- **Problem to solve**
What is needed is an exact copy of the lines in the entries below from the one holding "Motosserra Husqvarna a" through the one holding "Nightstand Bedside Table", pictures excluded.

- **Working data**
━━━━━━━━━━━━━━━━━━━━
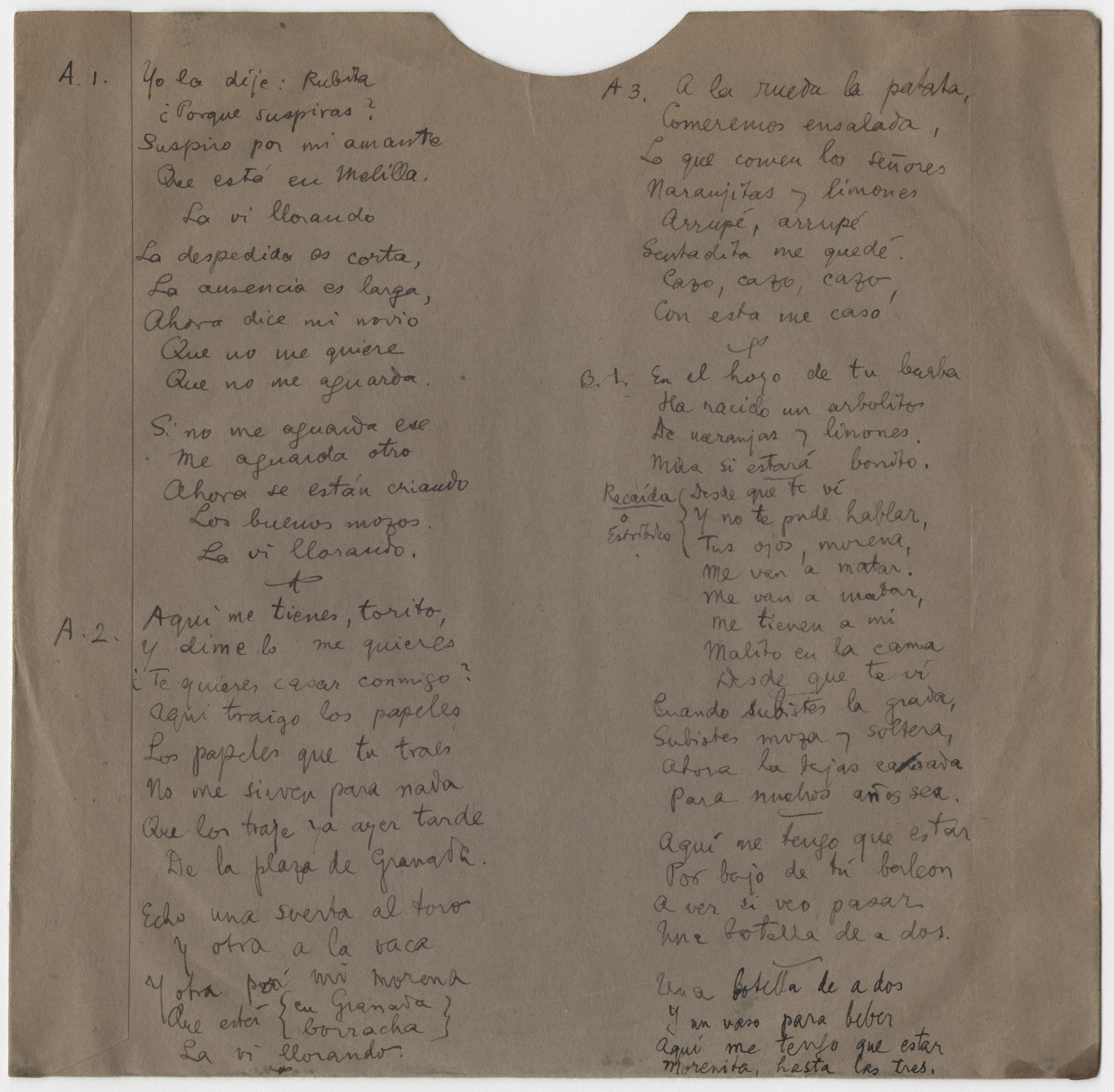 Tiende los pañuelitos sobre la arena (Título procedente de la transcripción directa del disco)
━━━━━━━━━━━━━━━━━━━━
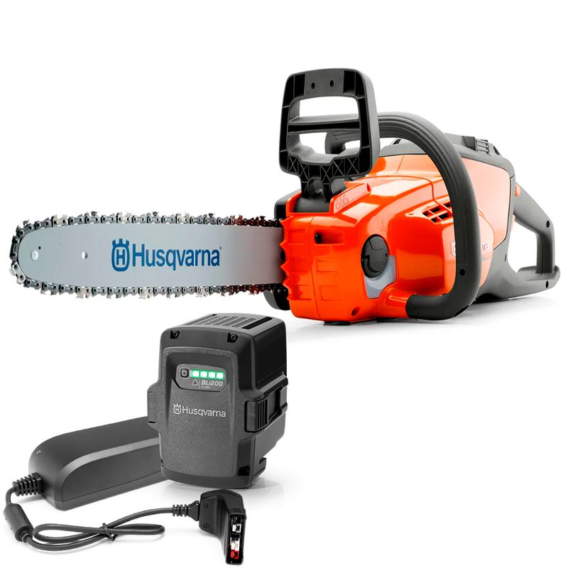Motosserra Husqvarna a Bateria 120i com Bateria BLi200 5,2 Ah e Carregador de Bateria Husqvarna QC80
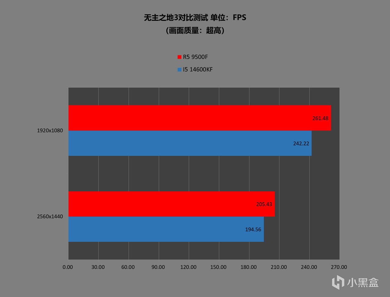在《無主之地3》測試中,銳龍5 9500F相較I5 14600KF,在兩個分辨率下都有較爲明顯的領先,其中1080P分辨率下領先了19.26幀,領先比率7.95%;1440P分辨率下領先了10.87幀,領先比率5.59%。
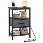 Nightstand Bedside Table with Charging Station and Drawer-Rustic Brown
━━━━━━━━━━━━━━━━━━━━
- **Written solution**
Motosserra Husqvarna a Bateria 120i com Bateria BLi200 5,2 Ah e Carregador de Bateria Husqvarna QC80
在《無主之地3》測試中,銳龍5 9500F相較I5 14600KF,在兩個分辨率下都有較爲明顯的領先,其中1080P分辨率下領先了19.26幀,領先比率7.95%;1440P分辨率下領先了10.87幀,領先比率5.59%。
 Nightstand Bedside Table with Charging Station and Drawer-Rustic Brown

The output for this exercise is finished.